## WHAT THIS TASK INVOLVES
Restate word for word the lines of the records below, starting at the line that contains "- 500 кВ. |" and ending at the line that contains "- Сталин И.", with both of those lines included and nothing else.

## EXERCISE MATERIALS

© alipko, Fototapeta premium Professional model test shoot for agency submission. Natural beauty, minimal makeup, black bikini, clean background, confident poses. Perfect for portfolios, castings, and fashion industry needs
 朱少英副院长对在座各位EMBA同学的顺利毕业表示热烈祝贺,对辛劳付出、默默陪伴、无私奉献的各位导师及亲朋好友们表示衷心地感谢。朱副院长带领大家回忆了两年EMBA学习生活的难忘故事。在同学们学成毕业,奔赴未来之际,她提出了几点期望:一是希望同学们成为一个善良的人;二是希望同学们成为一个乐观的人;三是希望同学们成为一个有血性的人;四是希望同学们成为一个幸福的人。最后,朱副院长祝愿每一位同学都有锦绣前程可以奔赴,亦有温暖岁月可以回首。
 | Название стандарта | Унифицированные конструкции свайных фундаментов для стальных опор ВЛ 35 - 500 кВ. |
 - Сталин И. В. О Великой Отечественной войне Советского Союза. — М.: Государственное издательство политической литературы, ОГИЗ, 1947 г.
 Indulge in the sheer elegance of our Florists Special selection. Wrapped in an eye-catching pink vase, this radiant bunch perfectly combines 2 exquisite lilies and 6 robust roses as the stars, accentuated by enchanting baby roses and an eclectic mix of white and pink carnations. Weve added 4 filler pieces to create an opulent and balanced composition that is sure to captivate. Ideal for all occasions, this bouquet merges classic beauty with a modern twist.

---

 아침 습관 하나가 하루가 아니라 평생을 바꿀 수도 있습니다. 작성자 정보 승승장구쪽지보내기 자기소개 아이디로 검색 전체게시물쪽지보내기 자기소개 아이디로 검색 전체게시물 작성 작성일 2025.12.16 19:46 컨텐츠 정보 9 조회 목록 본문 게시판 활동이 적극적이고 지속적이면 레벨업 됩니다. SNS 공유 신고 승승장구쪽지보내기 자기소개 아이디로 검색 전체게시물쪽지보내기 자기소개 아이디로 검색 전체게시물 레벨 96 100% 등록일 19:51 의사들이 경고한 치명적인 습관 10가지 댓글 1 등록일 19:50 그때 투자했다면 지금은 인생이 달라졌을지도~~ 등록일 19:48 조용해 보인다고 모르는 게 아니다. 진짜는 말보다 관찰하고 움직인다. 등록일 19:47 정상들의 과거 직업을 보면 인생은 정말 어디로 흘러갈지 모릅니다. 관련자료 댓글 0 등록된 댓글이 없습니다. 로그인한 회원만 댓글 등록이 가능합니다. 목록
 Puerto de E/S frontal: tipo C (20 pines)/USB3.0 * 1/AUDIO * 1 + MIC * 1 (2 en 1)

## SOLUTION TO THE PROBLEM
 | Название стандарта | Унифицированные конструкции свайных фундаментов для стальных опор ВЛ 35 - 500 кВ. |
 - Сталин И. В. О Великой Отечественной войне Советского Союза. — М.: Государственное издательство политической литературы, ОГИЗ, 1947 г.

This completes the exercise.